The current moratorium on payments and interest accrual on federal student loans is set to expire at the end of August. The Biden administration has prolonged this moratorium a number of times. Given that the current deadline is just two months before the mid-term election, we expect the administration to extend the current moratorium, probably until the end of the year. Additionally, we are closely watching for an announcement on student loan forgiveness. Currently, we are expecting $10,000 in forgiveness for those with less than $150,000 in income, though the exact details on this remain fluid. A lawsuit challenging the administration’s legal authority to do this would be likely and could at least delay the timing of any loan forgiveness. Regardless of what happens on forgiveness, we expect borrowers to have a few more months of reprieve from making payments on federal student loans.

The Final Word

The Roe Effect.

Going into the midterm elections, one big question is what the impact will be of the Supreme Court’s decision to overturn Roe v Wade at the end of June. On the one hand, the party in power typically suffers losses in the midterm elections and the general political environment has mostly been trending against Democrats.

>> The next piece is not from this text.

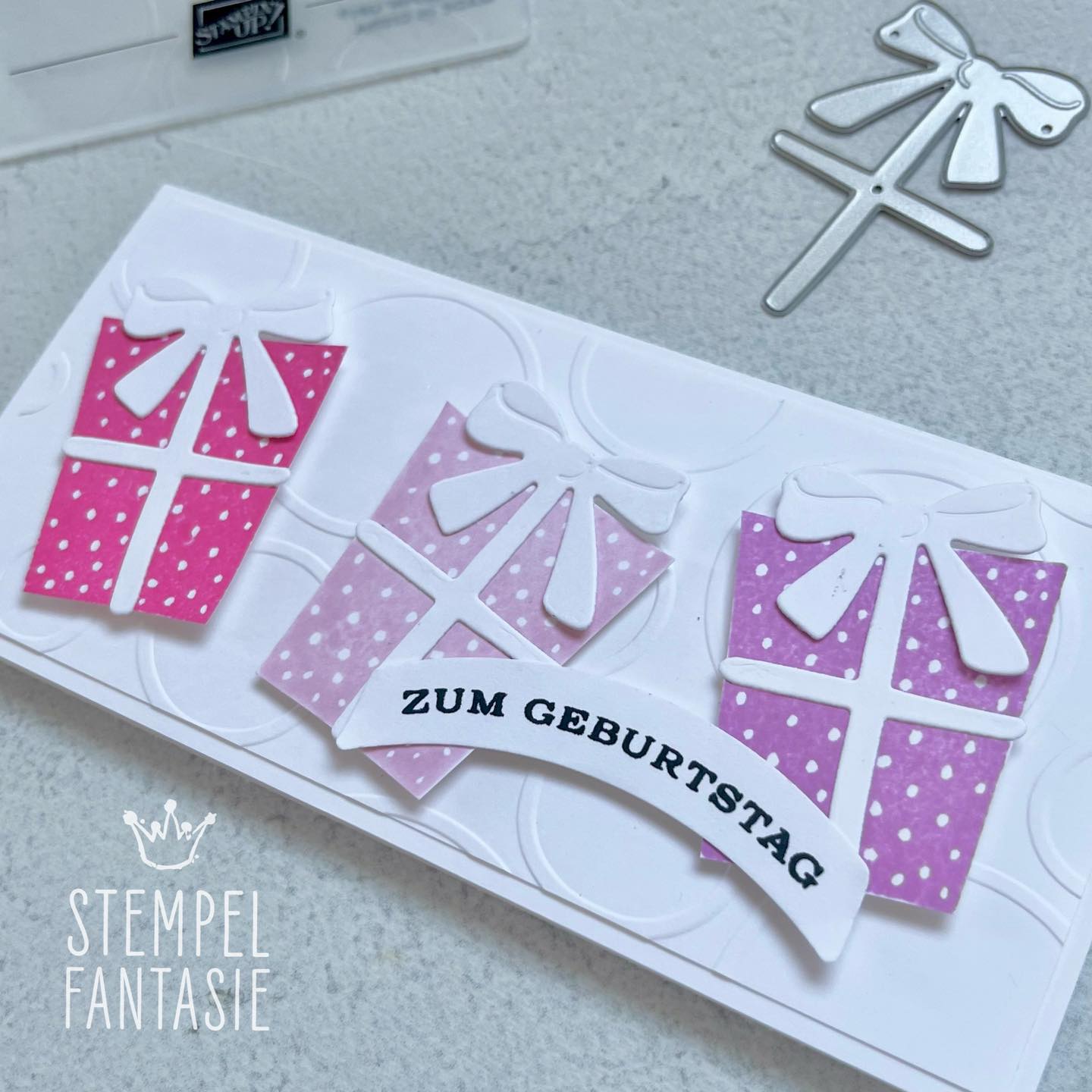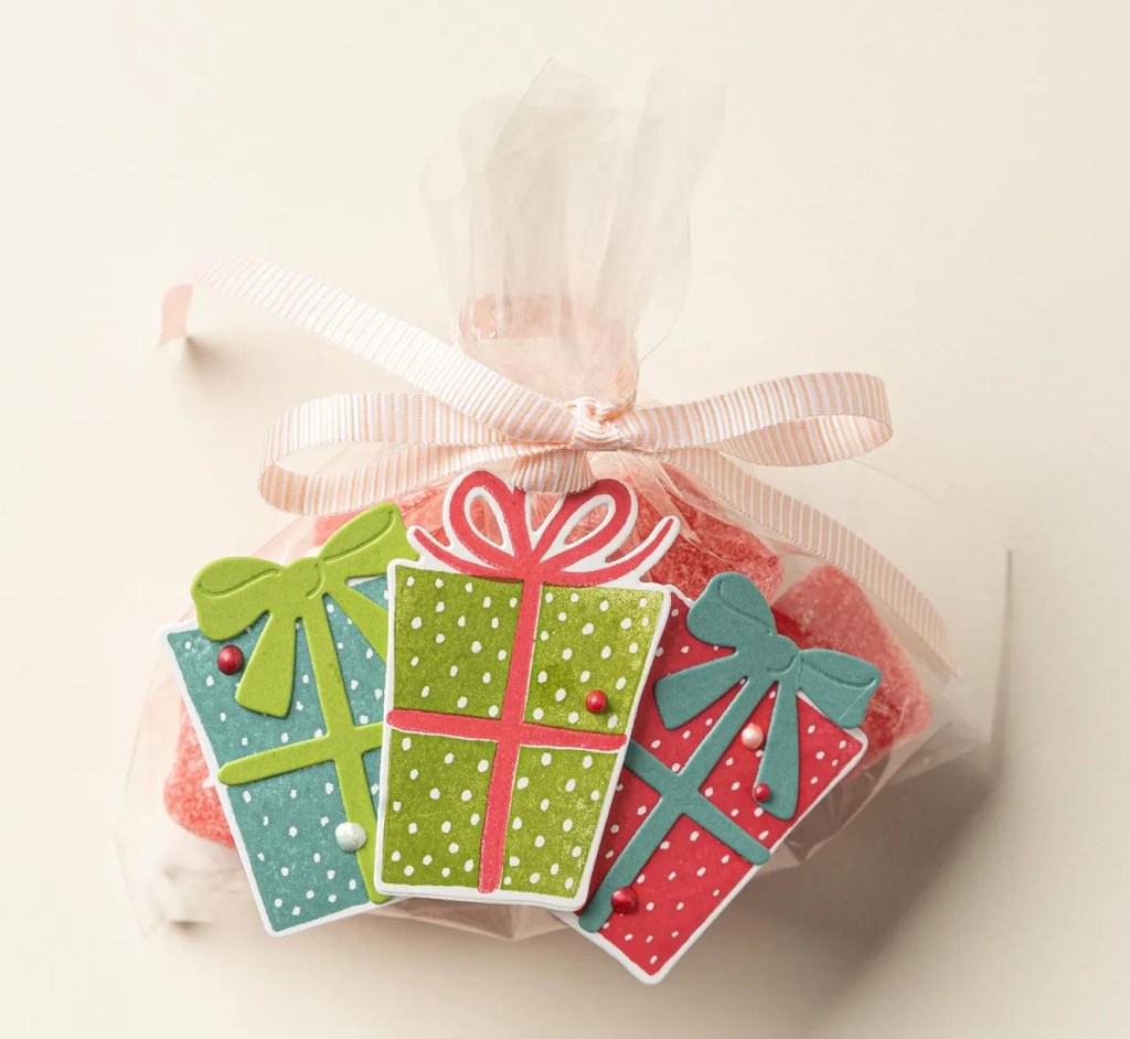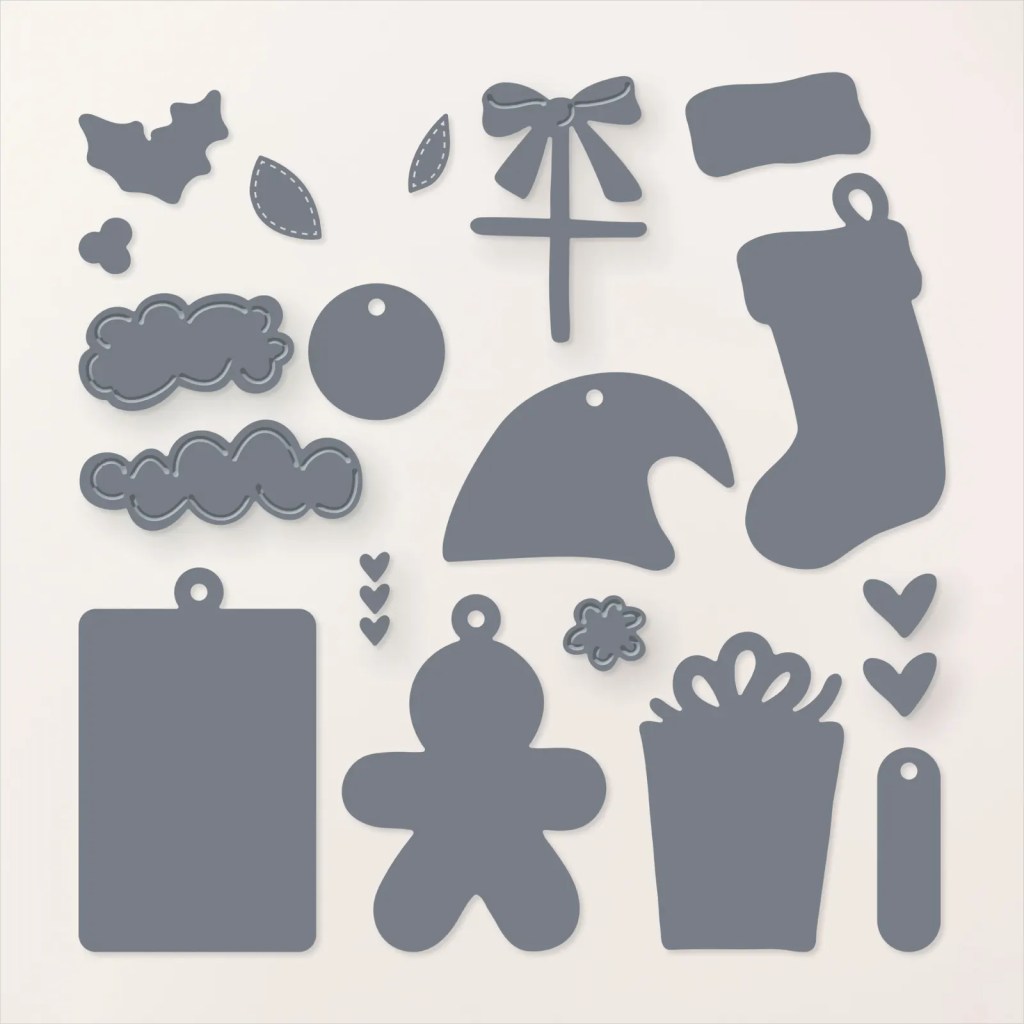 I’ve seen so many cute samples using this bundle — you can create darling tags, fun and bold shapes, and I love the fun fonts in the stamp set!

On the other, the Supreme Court’s decision could at least partially counter those two factors. Polls conducted since then have shown that the majority of the public disapproves of the Supreme Court’s decision, and that there has been a rise in Democratic enthusiasm. On Tuesday, voters in Kansas, a state that Trump won with 56% of the vote, rejected an amendment to the Kansas constitution that would remove protections for abortion rights. Perhaps most notable, the amendment failed by a wide 18% margin (59% No and 41% Yes). The vote also had high turnout (nearly double the vote level from the 2018 primaries). And it revealed strong support for abortion rights in suburban areas where the amendment was opposed by a more than two to one ratio. While this vote is not necessarily indicative of November’s election (where it will be mostly candidates on the ballot rather than a single issue), it does suggest that the issue of abortion rights will be a key issue and motivating factor for many in November.